Any statement contained in a document incorporated or deemed to be incorporated by reference herein
shall be deemed to be modified or superseded for purposes of this Registration Statement to the
extent that a statement contained herein (or in any other subsequently filed document that also is
or is deemed to be incorporated by reference herein or therein) modifies or supersedes such
statement. Any statement so modified or superseded shall not be deemed, except as so modified or
superseded, to constitute a part of this Registration Statement.
Item 4. Description of Securities.
Not applicable.
Item 5. Interests of Named Experts and Counsel.
Not applicable.
Item 6. Indemnification of Directors and Officers.

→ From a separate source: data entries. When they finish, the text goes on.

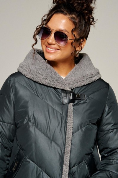 Застежка центральная на двустороннюю молнию от верха до низа и кнопки. Под капюшоном спереди настрочен дополнительный элемент застежки из экокожи.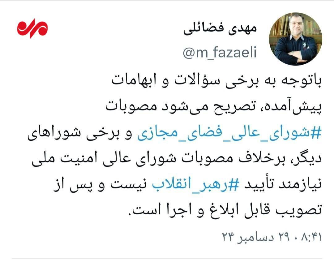 عضو دفتر حفظ و نشر آثار حضرت آیتالله خامنهای تأکید کرد که مصوبات شورای عالی فضای مجازی نیازمند تأیید رهبر انقلاب نیست و پس از تصویب قابل ابلاغ و اجراست.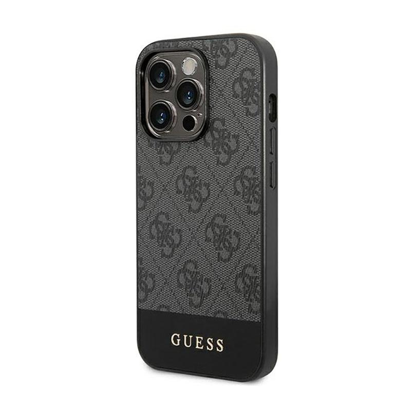 Guess 4G Bottom Stripe Metal Logo Collection - Etui iPhone 14 Pro (szary)
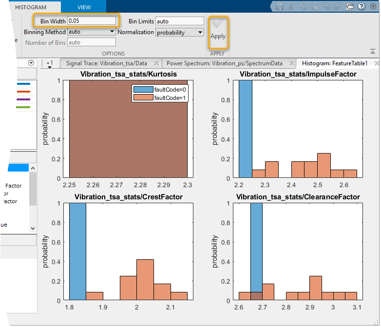 Управление внешним видом гистограмм осуществляется с помощью параметров на вкладке Гистограмма (Histogram), которая активируется при создании гистограмм. CrestFactor функция, по-видимому, почти полностью разделяет здоровые и нездоровые данные. Проверьте, чувствителен ли этот результат к разрешению. На вкладке «Гистограмма» нажмите auto установка ширины ячейки приводит к разрешению 0,1 для CrestFactor. Введите ширину ячейки 0,05 и нажмите «Применить».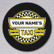 Unser personalisiertes Taxi-Logo ist ein Vergnügen für alle, die ihre Zeit mit dem Fahren für ihre Familie und Freunde verbringen. Mit dem klassischen gelben und schwarzen Schachbrett-Muster haben wir einen Platz für Sie hinzugefügt, um es mit einem Namen zu versehen.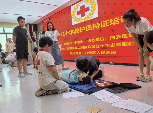 为强化落实《关于深化推进全省红十字应急救护工作的指导意见》中“三个一”行动计划,为全区每个街道、村居、社区配备一名或多名持证救护员,传播人道理念,掌握急救技能,教授急救知识,帮助群众开展伤害预防、紧急避险和自救互救,保障人民群众的身体健康和生命安全。8月20日,在贵阳市红十字会的支持下,贵阳市白云区红十字会举办2024年“一村(社区)一名持证救护员”培训班,共50人参训。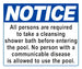 This Notice Shower Required Sign measures 12 x 10 inches, is printed on .040 mil Styrene Plastic, and is designed for preventing patrons from entering the pool area without showering first. It is a safety code requirement to shower prior to entering a public pool or spa. Our Notice signs indicate a statement of company policy as it relates to safety of personnel or property. This sign is lightweight, durable, and waterproof for indoor or outdoor use.All of our swimming pool, residential and facility signs are of the highest quality and predrilled for easy hanging. This sign is printed using our high-quality weather and sun resistant inks.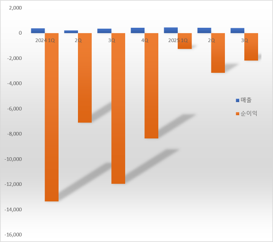 유노비아는 올해 3분기 누적 순손실 66억원을 기록했다. 뚜렷한 매출원이 없어 적자가 발생할 수 밖에 없는 구조다. 다만 작년 3분기 누적 순손실 324억원에 비해 적자 규모가 크게 축소됐다.

The Company is a Bermuda company. Set forth below is a description of certain provisions of
the Companies Act of 1981 of Bermuda, as amended (the Companies Act), and the Companys Amended
and Restated Bye-Laws, as presently in effect (the Bye-Laws), as such provisions relate to the
indemnification of directors and officers of the Company. This description is intended only as a
summary and is qualified in its entirety by reference to the applicable provisions of the Companies
Act and the Bye-Laws (attached hereto as Exhibit 3.2).
Section 98 of the Companies Act provides generally that a Bermuda company may indemnify its
directors and officers against any liability which by virtue of Bermuda law or otherwise would be
imposed on them, except in cases where such liability arises from the fraud or dishonesty of which
such director or officer may be guilty in relation to the company. Section 98 further provides
that a Bermuda company may indemnify its directors and officers against any liability incurred by
them in defending any proceeding, whether civil or criminal, in which judgment is awarded in their
favor or in which they are acquitted or if granted relief by the Supreme Court of Bermuda in
certain proceedings arising under Section 281 of the Companies Act.
The Company has adopted provisions in its Bye-Laws that provide that the Company shall
indemnify its officers and directors to the maximum extent permitted under the Companies Act.
Item 7. Exemption from Registration Claimed.
Not applicable.
Item 8. Exhibits.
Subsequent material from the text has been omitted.